China warns AIDS spreading among general population

China on Wednesday revised down an estimate of the number of people living in the country with HIV/AIDS, but international health agencies warned that with 70,000 new infections last year, there was no room for complacency. They also warned that the virus was no longer restricted to drug users and those who sold blood, but had begun to spread quickly among the general population.

"China's HIV infections have been linked to high-risk behavior. But now, sex work is moving it toward the general population," WHO China representative Henk Bekedam told reporters at a conference announcing the new figures.

By the end of last year, China had an estimated 650,000 people living with AIDS/HIV, 75,000 of whom had full-blown AIDS, according to the study.

The World Health Organization, China's Ministry of Health and the United Nations' AIDS agency jointly produced the study, an update on an earlier assessment of the AIDS epidemic in China in 2003. Bekedam said that the new estimated infections, roughly 200 a day, showed the situation in China was "more serious than we thought." Most of the new cases were injecting drug users and sex workers and their clients, but there was a growing number of infected pregnant mothers and spouses of sex workers' clients, the report said. While a ban on the sale of blood in the late 1990s reduced the number of infections through transfusions, Bekedam said unprotected sex was becoming the new means for the virus' spread.

He called for greater HIV/AIDS awareness campaigns in China, and more free testing and treatment for HIV-positive people. China had previously estimated in 2003 that 840,000 people were HIV-positive and 84,000 people had full-blown AIDS.

The lower numbers released Wednesday do not mean the situation is less critical, said Joel Rehnstrom, UNAIDS China country coordinator. Most of the 2003 data came from a small number of areas where there was already a high prevalence of HIV/AIDS, he said.

He said there were now better data collection methods and more in-depth knowledge about the most at-risk populations, including intravenous drug users, sex workers and their clients, which meant the new estimate was more accurate.

The new study also said the number of people previously thought to have contracted HIV through blood transfusions or blood sales was vastly overestimated, which had skewed the 2003 figures somewhat. UNAIDS had estimated up to 10 million could be infected by 2010 without more aggressive prevention measures, but Bekedam said that scenario was unlikely to materialize.

"At the time, it was a commitment by China that unless action was taken it might become 10 million ... but now we don't believe that even in the worst-case scenario this is realistic," he said. China's plan to keep the number of HIV-infected people under 1.5 million is a "good challenge," Bekedam said.

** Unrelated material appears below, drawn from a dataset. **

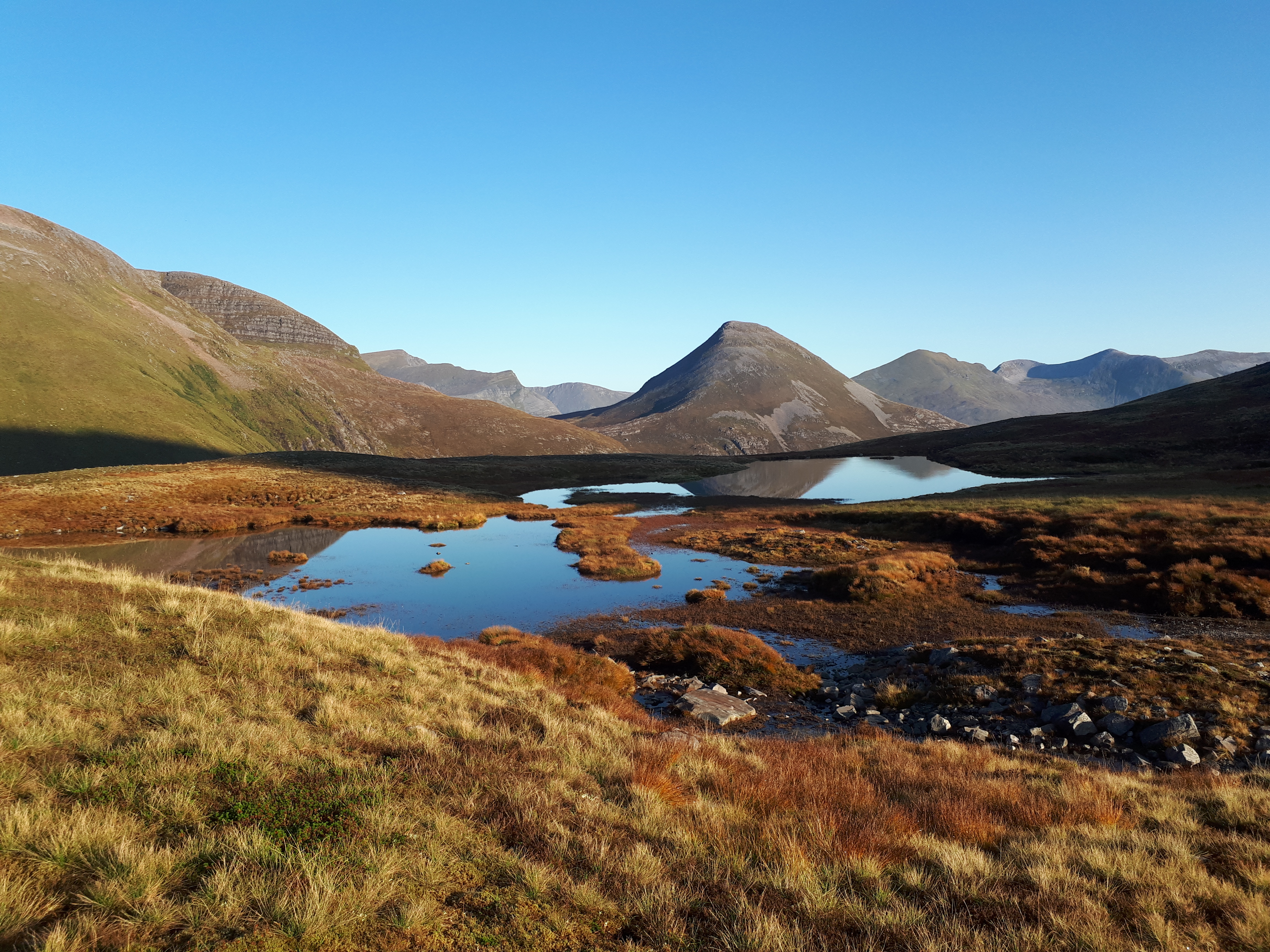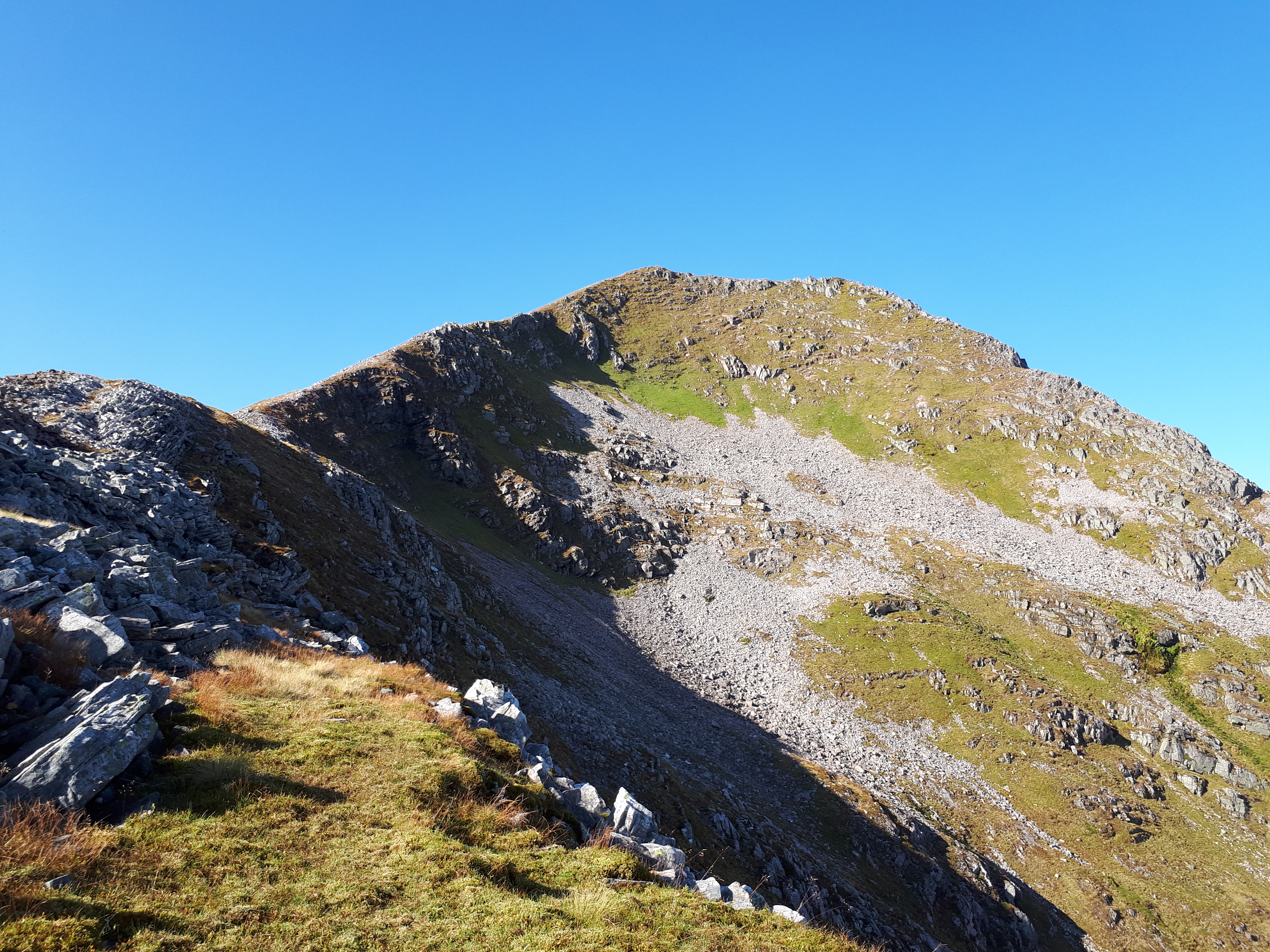 I left my rucksack at the col before An Gearanach and scrambled along the rocky ridge to the Munro. This was the only bit of real scrambling I did in the 2 days and it wasn’t hard. Without my heavy rucksack I felt like I was floating. Then back to the col and weighed down once more I climbed up to Stob Coire A Chearn, my 6th Munro.

AIDS activists have criticized Chinese authorities for being slow to admit the extent of the disease in the country, but in recent years Beijing has become increasingly open about its epidemic. Bekedam said that the biggest challenge facing China will be removing the stigma of HIV/AIDS that has prevented people from being tested or seeking treatment.

Free testing and counseling for those who seek it and free anti-retroviral treatment for the poor have been offered. However, people demanding better treatment and care are still often arrested or harassed by authorities, reports the AP. N.U.